2. The assembly of claim 1 wherein the ozone introduction means
comprising an ozone generator selected from the group of high
intensity ultraviolet light ozone generators, or corona discharge
ozone generators.
3. The assembly of claim 2 wherein the ozone dissolving means
comprises an ozone contact time segment, the ozone contact time
segment being contiguous with the tube for carrying water, the
ozone contact time segment being situated between the ozone
introduction point and the downstream end of the tube for carrying
water.
4. The assembly of claim 3 wherein the bubble separator column has
an upper end and a lower end, wherein the water input port is
positioned at the upper end of the bubble separator column; and
wherein the water output port is positioned at the lower end of the
bubble separator column.
5. The assembly of claim 4 wherein the alternate collecting and
discharging means comprises an electrically actuated valve for
alternately opening and closing the water output port of the bubble
separator column.
6. The assembly of claim 5 wherein the alternate collecting and
discharging means further comprises a water level sensitive
electric switch for alternately actuating the electrically actuated
valve to open the water output port of the bubble separator column
when the water level within the bubble separator column approaches
the upper end of the bubble separator column, and counter-actuating
the electrically actuated valve to close said water output port
when said water level approaches the lower end of the bubble
separator column.
7. The assembly of claim 6 wherein the water level sensitive
electric switch comprises a switch selected from the group of float
actuated mechanical switches, float actuated mercury switches, or
water sensor controlled switches.
8. The assembly of claim 7 wherein the ozone dissolving means
further comprises means for inducing turbulence within water
flowing through the ozone contact time segment.

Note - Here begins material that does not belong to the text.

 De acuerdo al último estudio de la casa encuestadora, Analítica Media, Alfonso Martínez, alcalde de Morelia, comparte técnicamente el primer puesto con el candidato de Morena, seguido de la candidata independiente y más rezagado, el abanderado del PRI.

9. The assembly of claim 8 wherein the upper end of the bubble
separator column has an off gassing vent.
10. The assembly of claim 9 further comprising means for preventing
water flow through the off gassing vent.
11. The assembly of claim 10 wherein the means for preventing water
flow through the off gassing vent comprises a valve selected from
the group of electrically actuated valves or float actuated
valves.
12. The assembly of claim 11 wherein the means for introducing
ozone further comprises a venturi.
13. The assembly of claim 11 wherein the means for introducing
ozone further comprises an air compressor for driving air through
the ozone generator.
14. The assembly of claim 11 wherein the electrically actuated
valve comprises a magnetic shaft driven by an electric
solenoid.
15. The assembly of claim 11 wherein the electrically actuated
valve comprises electric motor means.
16. The assembly of claim 4 wherein the alternate collecting and
discharging means comprises a float actuated valve for alternately
opening and closing the water output port of the bubble separator
column.
17. The assembly of claim 16 wherein the ozone dissolving means
further comprises means for inducing turbulence within water
flowing through the ozone contact time segment.

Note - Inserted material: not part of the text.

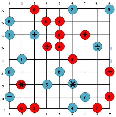 B: Blue 2 at A9 jumps over its partner Blue 9 at C9 and removes the Red Subtraction at F9. (Digit Pair)
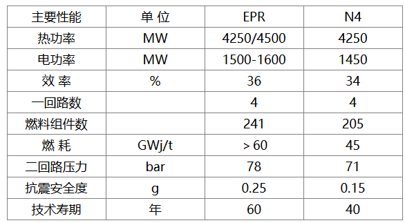 1、 EPR 的功率(约 1600 兆瓦)比近期建设的反应堆功率(约 1450 兆瓦)更高。

18. The assembly of claim 17 wherein the upper end of the bubble
separator column has an off gassing vent.
19. The assembly of claim 18 further comprising means for
preventing water flow through the off gassing vent.
20. The assembly of claim 19 wherein the means for introducing
ozone further comprises a venturi.
Description
FIELD OF THE INVENTION
[0001] This invention relates to water purification systems. More
particularly, this invention relates to water purification systems
incorporating ozone injection means.
BACKGROUND AND SUMMARY OF THE INVENTION
[0002] Commonly known ozone water purification systems comprise the
elements of an ozone gas generating apparatus, a water carrying
tube including an ozone contact time segment, and a bubble
separating column or chamber. The ozone generating apparatus
typically comprises a cylindrical chamber through which atmospheric
air containing diatomic oxygen is pumped or drawn. Radiation from a
lamp capable of emitting intense ultraviolet light having a wave
length of approximately 185 nanometers excites the diatomic oxygen
within the chamber. As a result of such molecular excitation, a
fraction of the diatomic oxygen within the chamber is split,
producing free atoms of oxygen. As a result of their extremely high
chemical reactivity, free oxygen atoms within the chamber rapidly
react with the remaining intact oxygen, forming molecules having
three atoms of oxygen. Molecules consisting of three oxygen atoms
are commonly referred to as ozone or O.sup.3 gas.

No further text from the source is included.